While comparisons to Bitcoin (BTC) treasury strategies are inevitable, Ether introduces layers of complexity that Bitcoin treasuries typically avoid.

Increased volatility enhanced by financial leverage

Compared to Bitcoin, ether is characterized by greater price volatility resulting from sentiment. This behavior is due to Ether’s role as both a digital asset and fuel for the programmable blockchain platform. When treasury companies use convertible debt or other forms of leverage, withdrawals can trigger forced sales.

The pursuit of profit introduces new risks

Bitcoin treasury companies typically follow a simple “hold and appreciate” model. On the other hand, ether-focused companies often emphasize staking rewards or DeFi profits to increase profits. However, this approach comes with trade-offs:

What promises higher profits can also increase operational complexity and system vulnerabilities.

Greater narrative and perception challenges

Bitcoin vault players are benefiting from a “digital gold” narrative rooted in scarcity and the appeal of storing value. However, ether represents a dynamic, evolving ecosystem shaped by network modernization, gas pricing dynamics, changing regulatory views, and competition from other blockchains. This added complexity increases uncertainty and makes it more difficult for markets to value the strategy.

Ether batteries following different paths

Not all companies that decided to invest in ether reacted similarly to the deterioration in the cryptocurrency markets.

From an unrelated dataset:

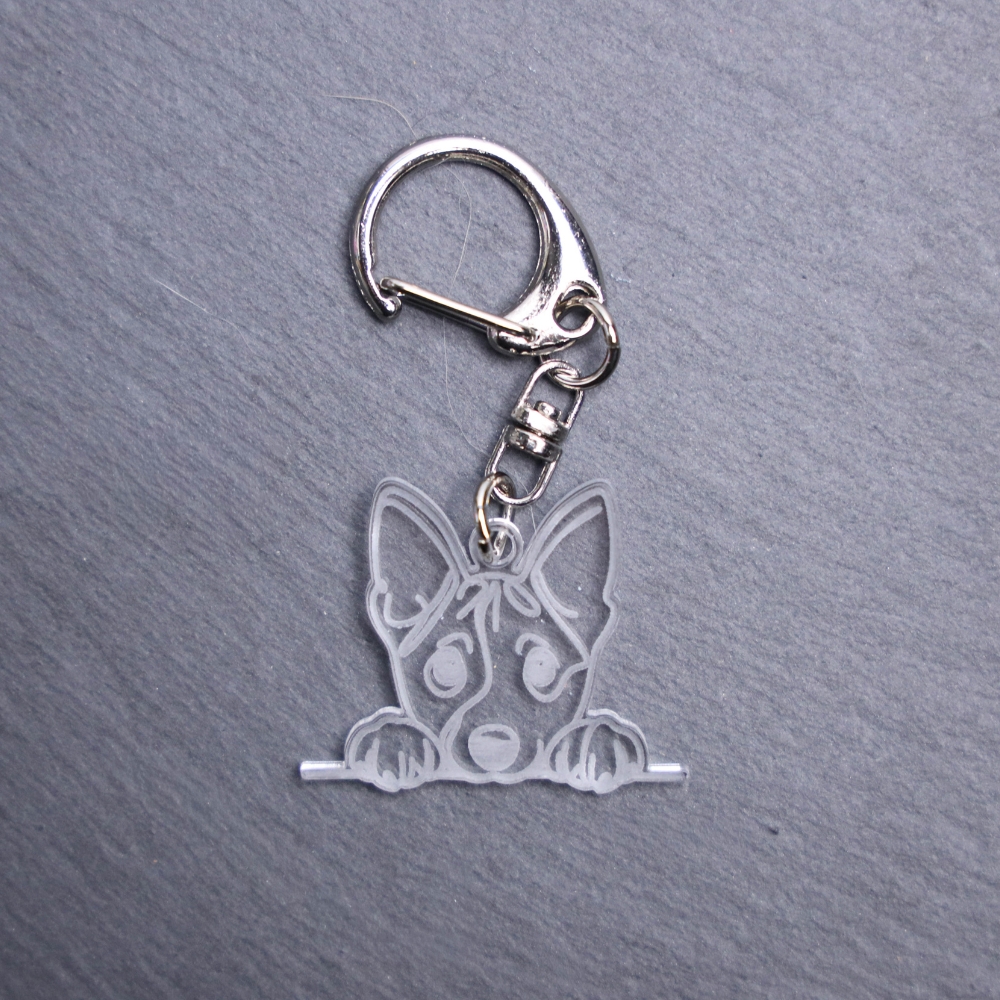 Basenji Bag Tag. This bag tag is made with engraved acrylic. Comes with lobster clasp topper that easily hooks to a bag, zippers, keychains, and lanyards for fun display and swivels. Clear opposite backside.

Some of these companies continued to accumulate ETH, trusting that the long-term expansion and utility of the Ether network would outweigh the short-term price headwinds. Others took the opposite route, liquidating all or a significant part of their farms and suffering significant losses.

This divergence in approaches suggests that the aether vault model is not inherently flawed or doomed to failure. Its sustainability depends on factors such as leverage, risk control and resilience to market cycles.

Did you know? Unlike Bitcoin’s simple transaction fee model, Ether uses “gas” to measure computational work. During the height of the non-fungible token (NFT) boom, users sometimes paid hundreds of dollars in gas fees to mint digital collectibles.

Capital structure risk in volatile asset classes

Convertible debt structures can increase potential profits in bull markets by providing relatively cheap leverage to acquire additional assets such as Bitcoin, effectively increasing profits as prices rise.

When companies trade at a premium to net asset value (NAV), they can issue equity or convertible instruments to raise capital, which increases exposure and can further increase growth.

However, during downturns, when stock discounts increase and cryptocurrency prices decline, the feedback loop can reverse:

In this type of bearish environment, even long-term investors with large Ether portfolios may choose to reduce or exit their positions to limit the risk of suffering a loss.

Opportunity cost and cleaner exposure

Today’s institutional investors have many more direct opportunities to gain exposure to Ether than in previous market cycles. Options include secure direct deposit solutions, regulated spot exchange funds (ETFs), staking products and advanced derivatives. These structures can reduce exposure to company-specific operational, execution or management risks.

On the other hand, investing via a block of shares around a leveraged cryptocurrency treasury strategy adds an additional layer of complexity and uncertainty. This includes exposure to management discretionary decisions, financing and refinancing strategies, governance structures and capital allocation priorities that may differ from the performance of the assets themselves.

Founders Fund is a venture firm with a long-standing focus on supporting high-growth operating companies with scalable, technology-enabled business models. An instrument focused on a leveraged crypto balance sheet may not be seamlessly aligned with its long-term portfolio strategy or risk preferences. Recent events, including the complete exit of Ether treasuries such as ETHZilla in the face of market pressures, highlight this selective approach to cryptocurrency exposure.

Cointelegraph maintains full editorial independence. Advertisers, partners or commercial relationships have no influence on the selection, launch and publication of the Magazine Features and content.